Ford CEO Asks Battery Suppliers to Stop Fighting

Matt Posky
by Matt Posky
ford ceo asks battery suppliers to stop fighting

Battery suppliers LG Chem and SK Innovation have what could be politely described as an intense rivalry. With the automotive industry desperate to secure reliable access to the most essential components for the planned electric vehicle offensive, chemical companies specializing in electronics are very much in demand and they’re all jockeying for power.

On Wednesday, the U.S. International Trade Commission (ITC) sided with LG Chem after it had accused SK Innovation of misappropriating trade secrets pertaining to EV battery technologies. But Ford CEO Jim Farley is asking the South Korean businesses to call a ceasefire and settle things out of court, presumably through the transfer of a large sum of money.

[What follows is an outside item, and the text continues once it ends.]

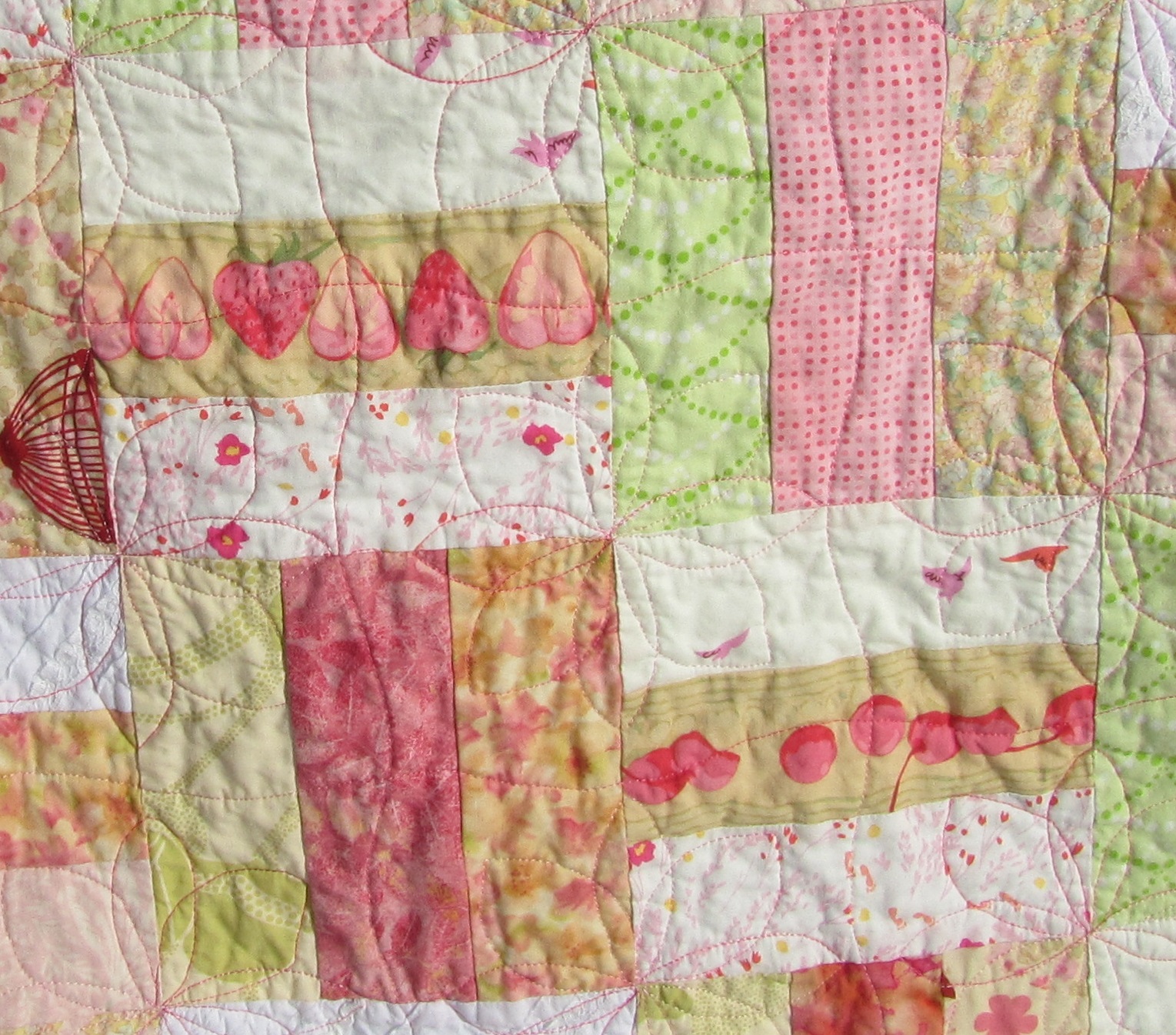 And (surprise!) I quilted it with feathers. I used aqua Bottom Line for all the quilting, top and bottom. It is very restful and soothing, and I was sad when I had no more areas to quilt.
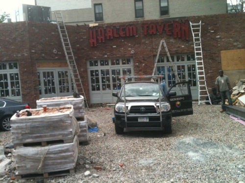 What does The Tonic Bar located in Times Square have in common with Harlem? The Tonic Bar is owned by a couple who live in Harlem. They’ve been residents of Harlem since 2006. The couple behind The Tonic Bar in Times Square have now decided to invest 100 percent in where they live by launching Harlem Tavern, a neighborhood bar & grill, at 2153 Frederick Douglass Blvd. This is the space we told you about back in April how the corner gas station/auto shop was up for lease. (Oh…and a reader too had sent us an update on the recent construction happening at this corner space.)

Ford cares because the ITC indicated that it would be issuing a limited 10-year exclusion order prohibiting SK’s ability to import certain lithium-ion batteries into the United States. But special exemptions will be made for the company to import the components necessary for their production inside the U.S. and other parts intended for Ford’s F-150 EV program over the next four years. Additional allowances will be made for Volkswagen of America’s planned MEB electric vehicle lineup, though only for two years.

That seems to give sufficient leeway for Blue Oval to get the ball rolling on the all-electric pickup. But Farley took to social media on Thursday to announce that a settlement was the only way the program could continue.

“While we’re pleased the ITC ruling makes way for @Ford to bring to market our groundbreaking electric F-150, a voluntary settlement between these two suppliers is ultimately in the best interest of US manufacturers and workers,” he wrote in response to a Washington Post article about the case.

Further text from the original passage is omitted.